Только даровое-то богатство голову кружит пуще всякой наливки. Ожаднел этот пермяк, вовсе голову потерял. Нанял беспутных мужиков, разослал по всему району рябину собирать. Грузовики туда-сюда шныряют полнёхоньки, из кузовов на дорогу рябина сыплется, колеса её давят… Вся дорога в красной «каше»! Деревенские тех мужиков стыдят: «Бросьте разбойничать!» А тем хоть бы что. Рябину-то они не собирали, а живьём, без всякой жалости обдирали, как липу на лыко. Ветви обломают, деревца завалят — порубят, где пройдут — там и лес поредеет. По самой чаще лесной проплешины остались, даже мох вековой повыворачивают.
Добрались и до нашей, грибушинской околицы. Глядим поутру — нету наших рябинок на горке за деревней, одни пеньки рваные торчат.
И того им мало показалося. Отправились эти заготовщики в Молёбку, то село, что за Сылвой-рекой.

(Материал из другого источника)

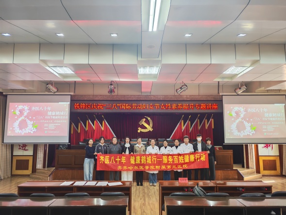 春和景明暖三月,巾帼芳华绽新颜。在第116个“国际妇女节”来临之际,为切实关爱职场女性身心健康,践行“健康中国”“健康龙江”战略,3月4日上午,我院医疗合作办公室携手铁锋区机关工委、铁锋区总工会、铁锋区妇女联合会,在铁锋区政府六楼会议中心开展主题为“齐医八十年 健康鹤城行——关爱职场女性健康,护航巾帼芳华绽放”健康科普义诊活动。铁锋区区直机关工委书记葛金波、铁锋区妇女联合会主席赵晓瑜、铁锋区总工会主席刘欣悦出席活动,我院妇一科、心理门诊、医疗美容科、体检中心专家为现场女性送上专业的健康服务与节日祝福。
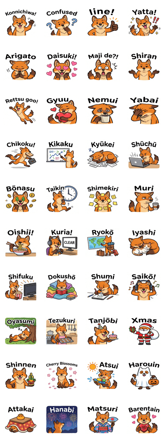カラフルな手描きのドール(アカオオカミ)スタンプ!日常の気分からオフィスのネタまで、現代生活を楽しく表現します。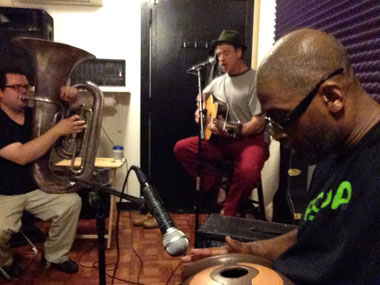"Next I concentrated on recording my acoustic guitar. Since I wasn't using bass on the record, I recorded the guitar with 2 or 3 mics capturing different frequencies with each for a full rich omnipresent guitar sound that you can feel in the body. I used a different arrangement for each song and brought in singer Anna Whitely, Cajun Accordian player Jonathan Larkin provides on Frankie and Name of the Song. Horn players Clark Gayton, Lawrence Clark and Jason Candler are all great NY jazz players and added a lot to this record. Lee Jaffee who played harmonica on Marley's Natty Dread album steps in to accompany Johnny on Blue ballad Try."

Известное дело, Молёбка в глухом лесу стоит. Леса эти тихие да тёмные, деревья стеной стоят, непотревоженные. Молёбские места даже по телевизору показывали. Опять-таки, что ни год, ездят туда разные учёные из Москвы. Говорят, что в молёбские леса инопланетяне прилетают и называется эта глухомань — «Зона М». Деревенские смеются, конечно: какие там «инопланетяне», если всякий ребятёнок знает, что молёбские — поголовно колдуны да знахари. Чужие в Молёбку без нужды нипочём не пойдут, а уж в тамошние леса и подавно, там в сумерки у простого человека душа смущается.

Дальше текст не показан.